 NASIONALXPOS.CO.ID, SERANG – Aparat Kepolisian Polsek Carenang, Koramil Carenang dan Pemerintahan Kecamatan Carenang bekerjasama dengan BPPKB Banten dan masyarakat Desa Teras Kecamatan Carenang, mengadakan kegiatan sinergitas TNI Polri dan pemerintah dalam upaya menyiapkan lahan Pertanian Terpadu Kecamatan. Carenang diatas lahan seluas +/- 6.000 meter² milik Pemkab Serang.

*****

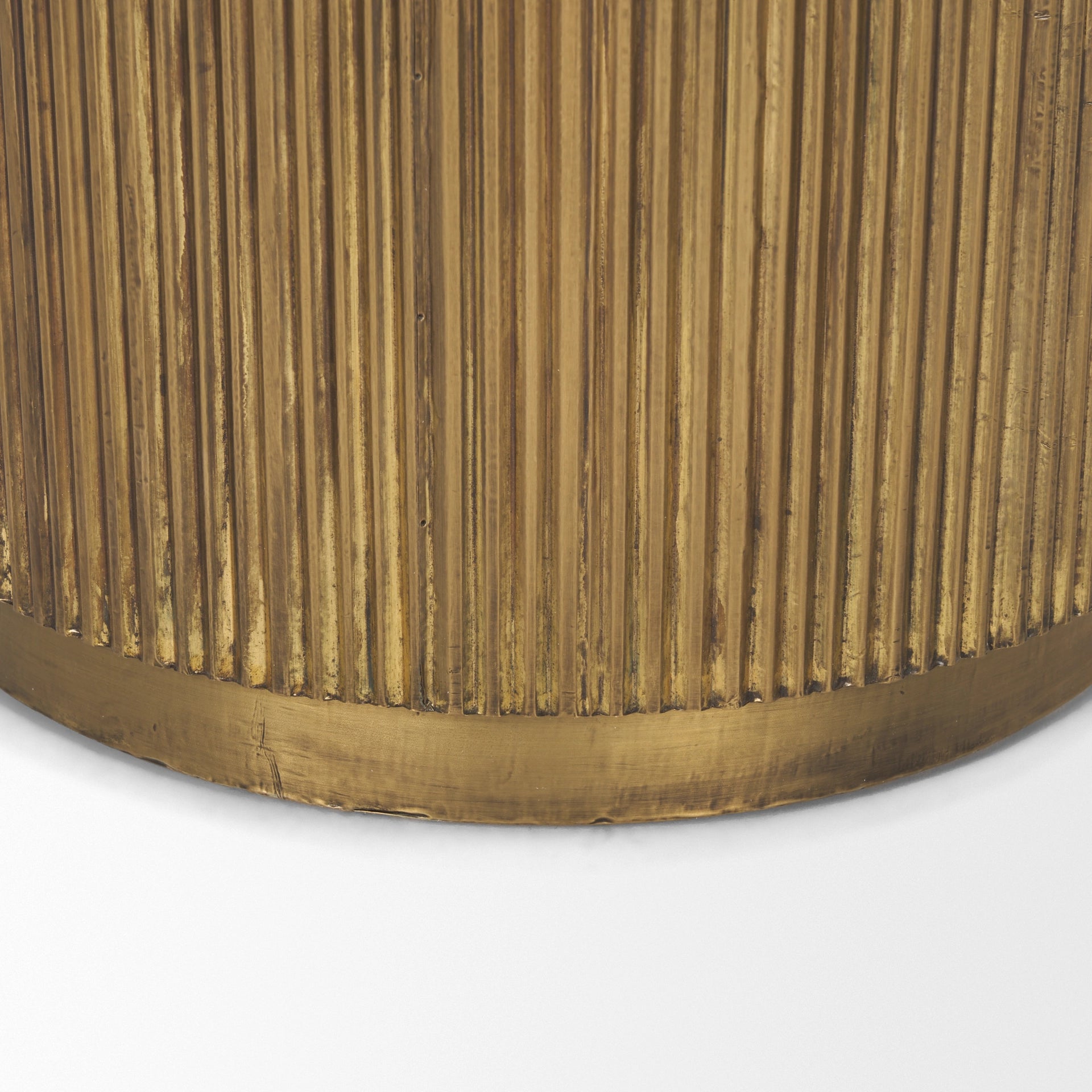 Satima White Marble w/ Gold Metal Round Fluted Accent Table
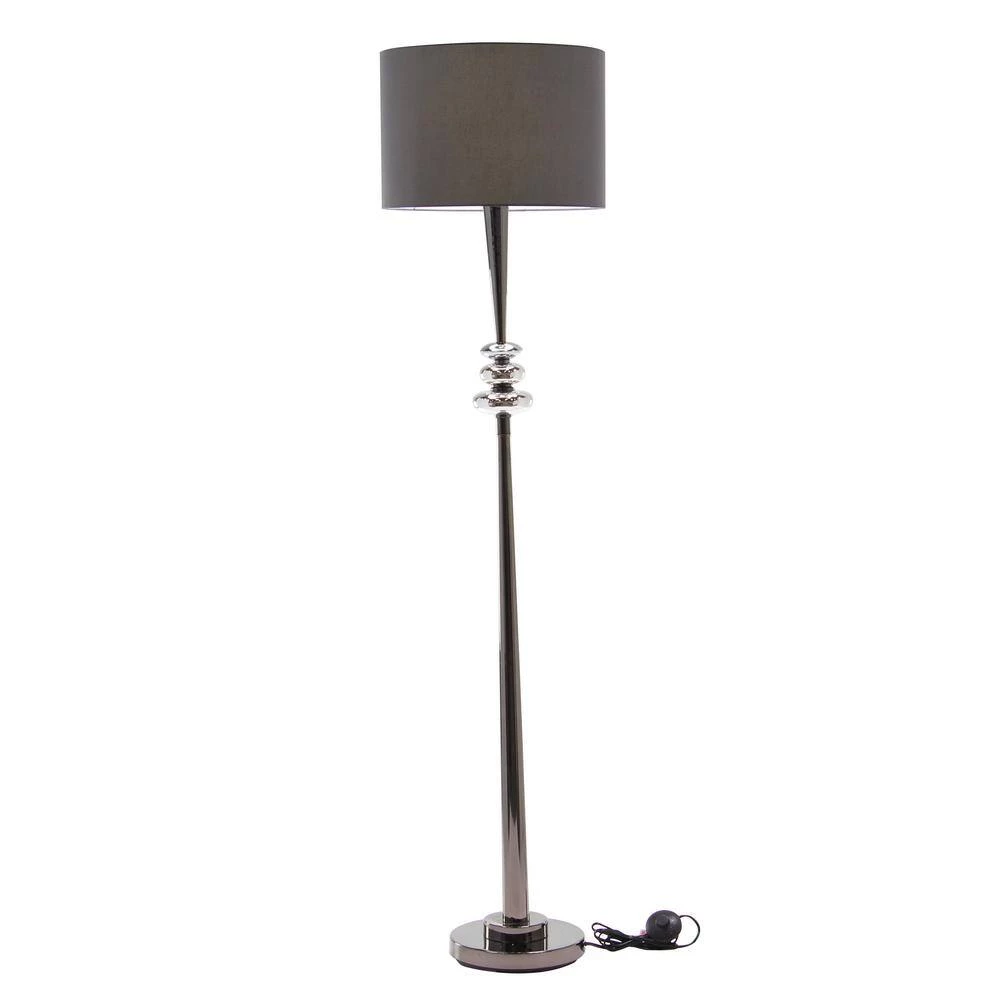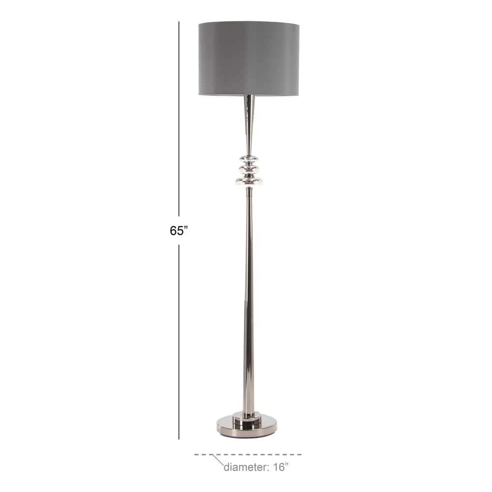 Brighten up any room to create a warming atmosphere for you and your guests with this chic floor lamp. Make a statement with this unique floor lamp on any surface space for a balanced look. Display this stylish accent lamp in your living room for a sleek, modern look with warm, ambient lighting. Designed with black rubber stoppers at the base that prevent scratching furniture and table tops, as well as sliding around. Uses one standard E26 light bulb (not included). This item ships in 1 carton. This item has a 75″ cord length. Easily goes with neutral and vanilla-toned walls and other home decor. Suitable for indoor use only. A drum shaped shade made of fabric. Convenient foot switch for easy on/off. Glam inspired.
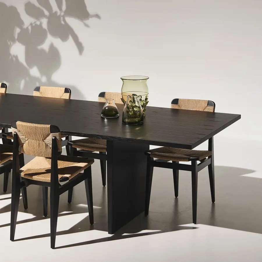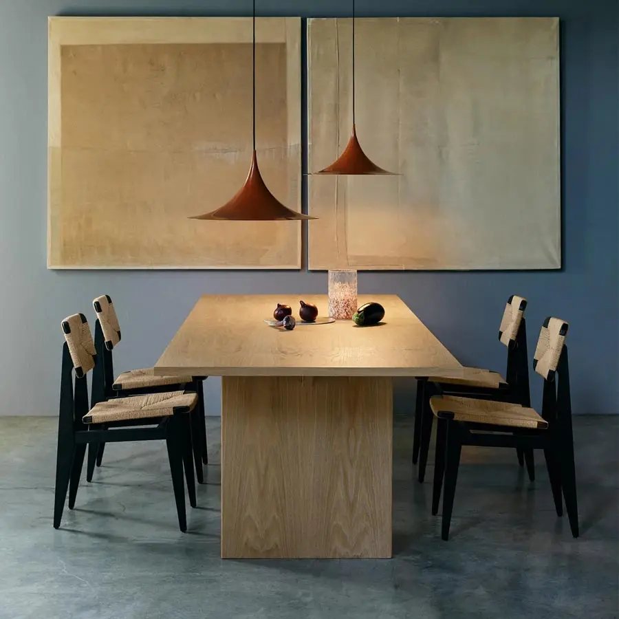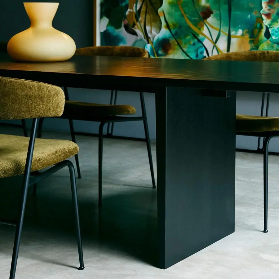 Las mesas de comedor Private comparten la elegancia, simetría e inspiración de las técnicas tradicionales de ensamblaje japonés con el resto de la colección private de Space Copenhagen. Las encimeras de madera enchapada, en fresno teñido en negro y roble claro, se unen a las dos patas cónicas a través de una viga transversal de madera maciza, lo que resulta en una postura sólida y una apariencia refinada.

*****

TASK REQUIREMENTS => Skip every picture, and restate word for word only the lines above from the line containing "Brighten up any" to the line containing "Las mesas de", both of them included.

TASK RESPONSE =>
 Brighten up any room to create a warming atmosphere for you and your guests with this chic floor lamp. Make a statement with this unique floor lamp on any surface space for a balanced look. Display this stylish accent lamp in your living room for a sleek, modern look with warm, ambient lighting. Designed with black rubber stoppers at the base that prevent scratching furniture and table tops, as well as sliding around. Uses one standard E26 light bulb (not included). This item ships in 1 carton. This item has a 75″ cord length. Easily goes with neutral and vanilla-toned walls and other home decor. Suitable for indoor use only. A drum shaped shade made of fabric. Convenient foot switch for easy on/off. Glam inspired.
 Las mesas de comedor Private comparten la elegancia, simetría e inspiración de las técnicas tradicionales de ensamblaje japonés con el resto de la colección private de Space Copenhagen. Las encimeras de madera enchapada, en fresno teñido en negro y roble claro, se unen a las dos patas cónicas a través de una viga transversal de madera maciza, lo que resulta en una postura sólida y una apariencia refinada.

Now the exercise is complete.